What you will do: Once you reach the line with "全国から女性の消防団員が一堂" below, copy each line exactly, stopping after the line with "This intricately layered", and skip any pictures.

Task input:
*** Begin section ***
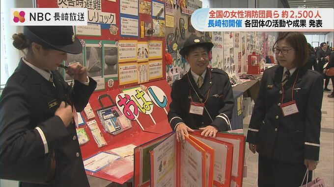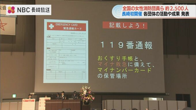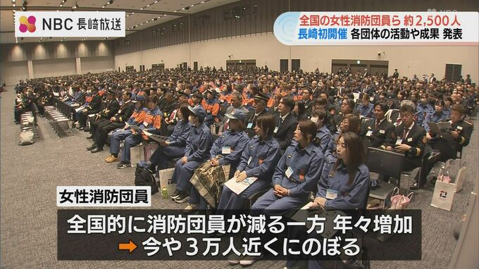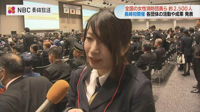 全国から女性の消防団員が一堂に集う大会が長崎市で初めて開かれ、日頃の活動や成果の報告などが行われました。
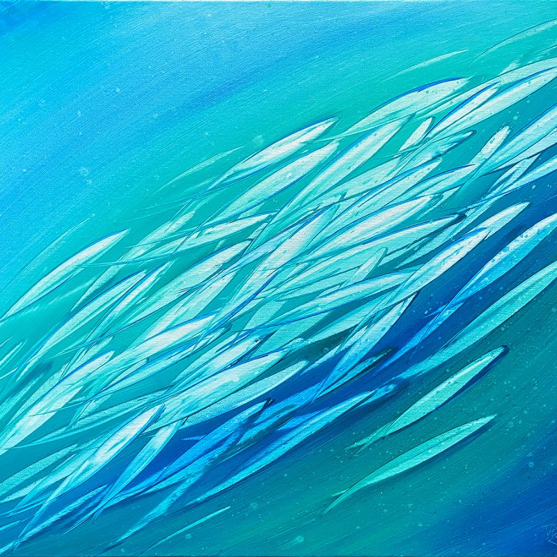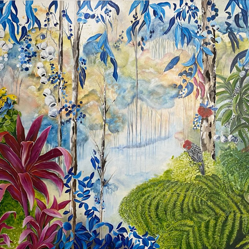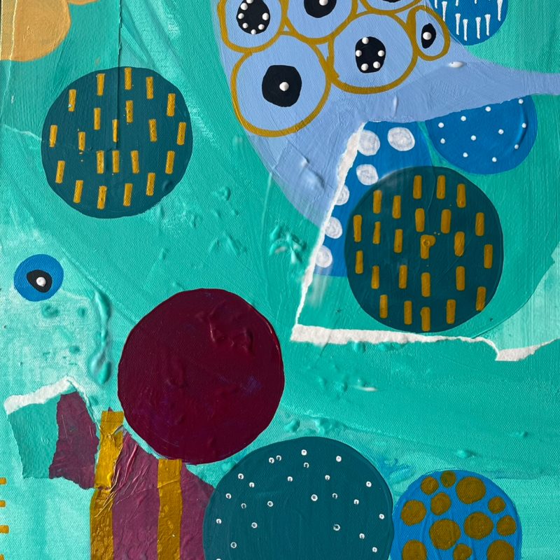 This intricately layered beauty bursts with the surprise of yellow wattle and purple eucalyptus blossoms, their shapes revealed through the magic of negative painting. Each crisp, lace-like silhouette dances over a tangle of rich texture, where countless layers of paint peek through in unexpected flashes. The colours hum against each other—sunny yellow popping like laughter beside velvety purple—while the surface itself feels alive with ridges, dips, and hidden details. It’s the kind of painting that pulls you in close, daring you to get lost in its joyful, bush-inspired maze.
*** End section ***
*** Begin section ***
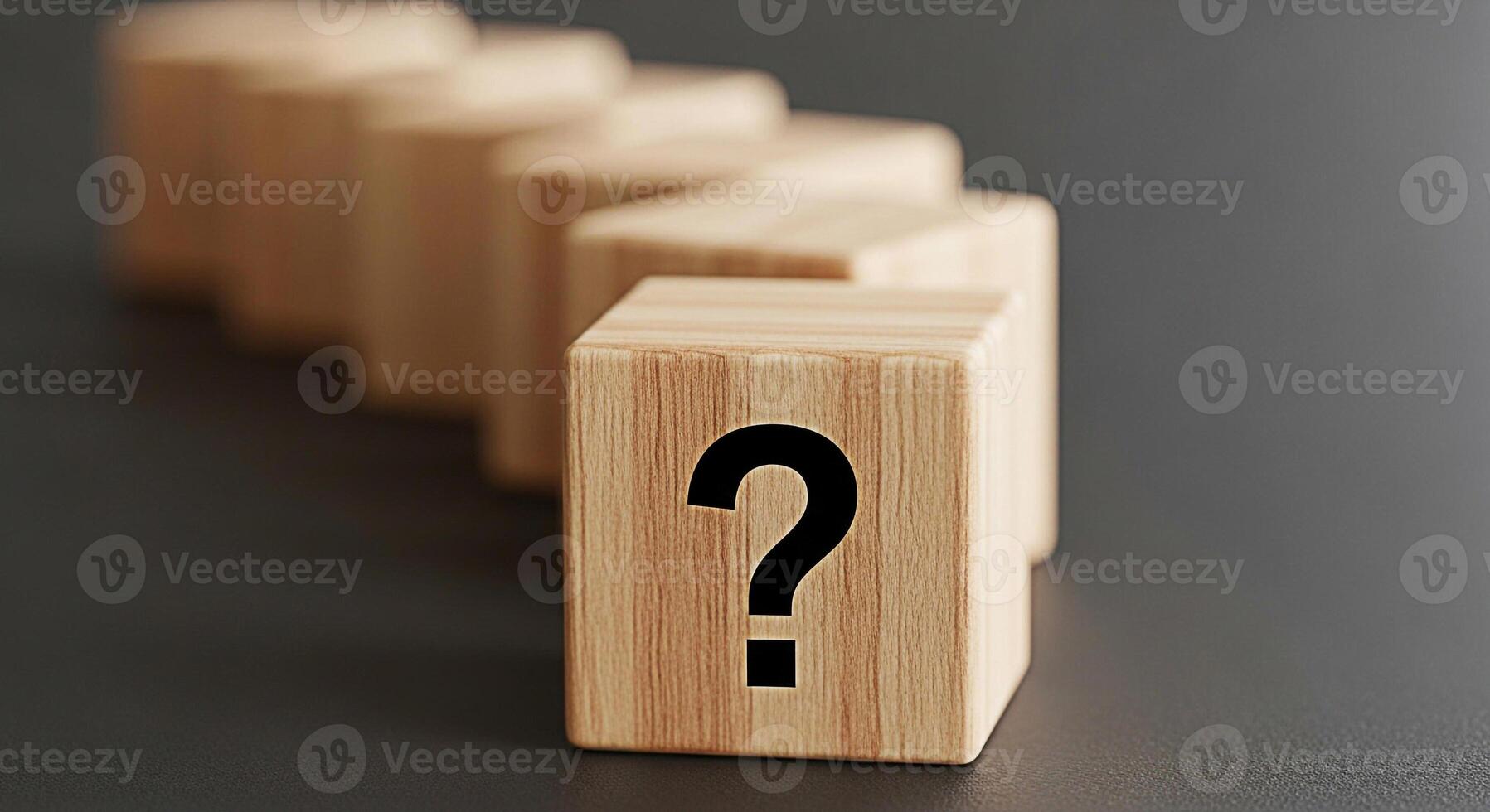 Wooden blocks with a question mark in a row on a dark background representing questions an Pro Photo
*** End section ***
*** Begin section ***
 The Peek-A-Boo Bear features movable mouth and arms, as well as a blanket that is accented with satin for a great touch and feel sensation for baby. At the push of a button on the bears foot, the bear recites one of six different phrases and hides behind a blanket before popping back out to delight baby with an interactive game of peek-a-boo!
*** End section ***
Worked solution:
 全国から女性の消防団員が一堂に集う大会が長崎市で初めて開かれ、日頃の活動や成果の報告などが行われました。
 This intricately layered beauty bursts with the surprise of yellow wattle and purple eucalyptus blossoms, their shapes revealed through the magic of negative painting. Each crisp, lace-like silhouette dances over a tangle of rich texture, where countless layers of paint peek through in unexpected flashes. The colours hum against each other—sunny yellow popping like laughter beside velvety purple—while the surface itself feels alive with ridges, dips, and hidden details. It’s the kind of painting that pulls you in close, daring you to get lost in its joyful, bush-inspired maze.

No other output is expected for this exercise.